Fue a pedirle al señor Sterling que le trajera un tratado de magia de su habitación, además de un maletín que había junto a ellos, pero seguía pareciendo inestable, así que se volvió hacia el señor Sanz, que estaba apoyado en la pared con aspecto de desmayarse en cualquier momento. No obstante, en cuanto recibió las órdenes, reaccionó. Salió corriendo, dejándolo a solas con la muchacha y el señor Sterling, que se había aferrado a la inerte mano de ella. Fue en ese preciso momento cuando se percató de la manera en la que el joven le miraba, ceñudo, como si estuviera a punto de explotar. - ¿Magia? ¿A eso recurres? - escupió. - Es lo mejor que tengo... - ¡Eres un puto cirujano! ¡Opérala! ¡Es fácil! Sacas la jodida bala y la coses... ¡No puede ser tan difícil! - No es tan sen... Antes de que pudiera hacer nada, el señor Sterling lo agarró de la pechera de la camisa para estamparlo contra uno de los armarios de instrumental médico. Durante un momento, se le cortó la respiración. No por el golpe, sino por la mirada de odio del chico. - ¡Ni se te ocurra decirlo! - siseó.- Es fácil. La vas a salvar porque es fácil. Se sorprendió de no asustarle. Quería decir, el señor Sterling era más alto que él, lo más seguro es que también fuera más fuerte y era un Benavente, por lo que sabría inflingir daño; además, estaba furioso, histérico, así que podría hacerle mucho daño. Pero, a pesar de todo eso, no se quedó aterrorizado, sino que se mostró frío. - Si quieres que la salve, deberías soltarme. No puedo tratarla desde aquí. El muchacho obedeció, aunque después se quedó muy quieto, como atontado. Le ignoró. En ese momento, además, el señor Sanz llegó con el libro, por lo que Kenneth se puso manos a la obra. - Uno de los dos tiene que taponar la herida. El otro ayudarme. El señor Sanz cogió las gasas para hacer lo primero, pero su amigo acabó quitándoselas de las manos para hacerlo él. Les dio la espalda a ambos, por lo que el señor Sanz se le quedó mirando, turbado, aunque acabó ayudándole a preparar el ritual. - ¿P-para qué sirve esto? - inquirió el señor Sanz con un hilo de voz, mientras encendía velas y las colocaba entorno a la chica. - Quiero cortar la hemorragia, nos dará tiempo. - Pero, profe, eres un médico... - No es tan sencillo.

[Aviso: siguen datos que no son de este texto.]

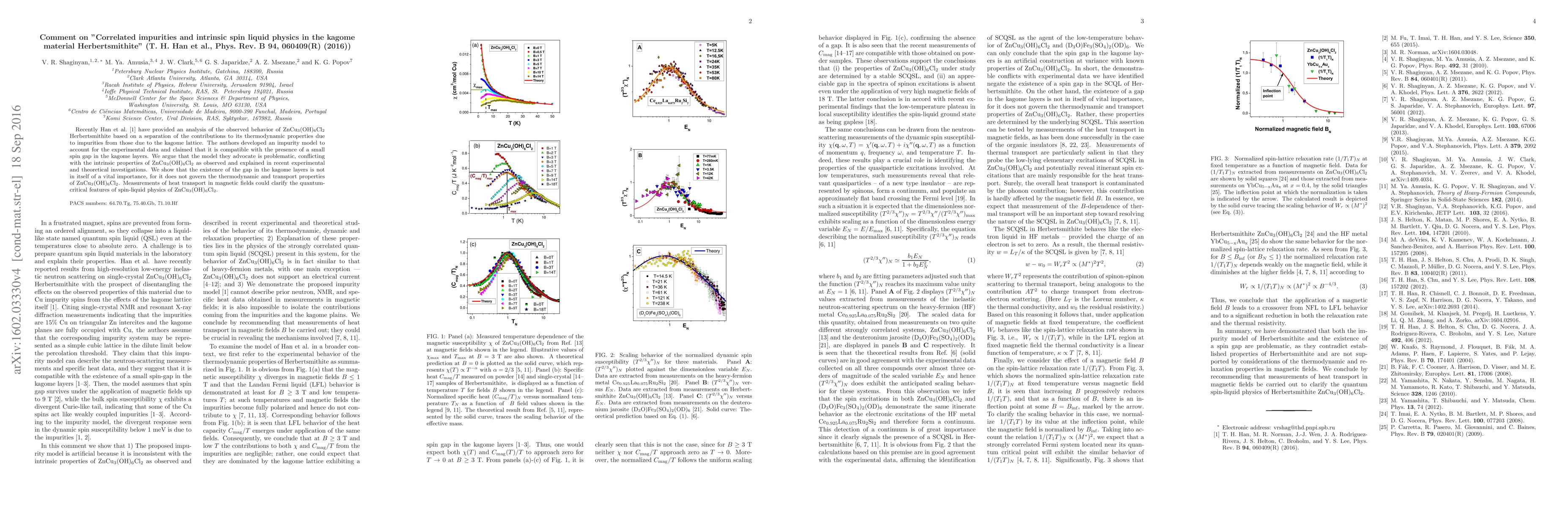 This paper critiques Han et al.'s analysis of Herbertsmithite's thermodynamic properties, arguing that their impurity model is flawed and does not align with recent experimental and theoretical findings. The authors suggest that the presence of a spin gap in the kagome layers is not crucial for the material's properties, and propose magnetic field-induced heat transport measurements to better understand its quantum-critical spin-liquid behavior.

Justo en aquel momento, Gerardo regresó corriendo. Ni siquiera se molestó en explicar qué estaba haciendo, se dedicó a apartarlos a todos, mientras empuñaba un diamante de color azul... Un momento... ¿Era una de las Damas? ¿Era la Dama de Azul? - La ayuda está en camino - explicó.- Ahora dejadme trabajar. Y se quedaron los tres en la parte más alejada de la enfermería, viendo como Gerardo hacía brillar aquel diamante cian. Aunque él no se fijo mucho en lo que estaba haciendo el hombre, se volvió para mirar a Deker Sterling. El chico estaba muy quieto, todavía más blanco que antes y Kenneth no sabía interpretar la expresión de su cara. - No se va a morir... ¿Verdad? Tanto el señor Sterling como él se giraron hacia el otro muchacho. El señor Sanz era la viva imagen del terror, parecía mucho más pequeño que de costumbre, como si el pánico, además de hacer mella en él, le hubiera encogido. Kenneth se limitó a sujetarle de un hombro. ¿Qué podía decirle en aquel caso? Cualquier palabra que pronunciara sería hueca, falsa y no quería mentirle. Por eso, dejó su mano ahí, intentando reconfortarle, al mismo tiempo que miraba al señor Sterling, que seguía con aquel aspecto ido, perdido, como si le hubieran abandonado. Sin saber muy bien por qué, una pregunta salió de sus labios: - ¿Por qué estás tan afectado? - Porque ella es especial para mí.

 Seguía esperando. Su padre no tardaría mucho... O eso esperaba. Había salido del internado trepando por el muro. Aquello la puso triste. Mientras seguía aguardando la llegada de su padre, sentada en el borde de la carretera, se le escaparon unas cuantas lágrimas. Si sabía escapar del Bécquer no era porque la hubieran entrenado para ello, sino porque hubo un tiempo en que Rubén la amó, un tiempo en el que le enseñó a sortear aquel grupo de piedras llenas de polvo para poder estar con ella a solas. ¿Por qué había dejado esos días atrás? ¿Por qué Rubén había dejado de quererla? Muchos días se preguntaba si la había querido alguna vez y otros tantos recordaba la expresión de Rubén al descubrir su traición y se dio cuenta de que sí, que la había amado y que ella misma había terminado con aquello. ¿Por qué siempre acababa jodiendo todo? Rubén siempre la había hecho sentirse especial.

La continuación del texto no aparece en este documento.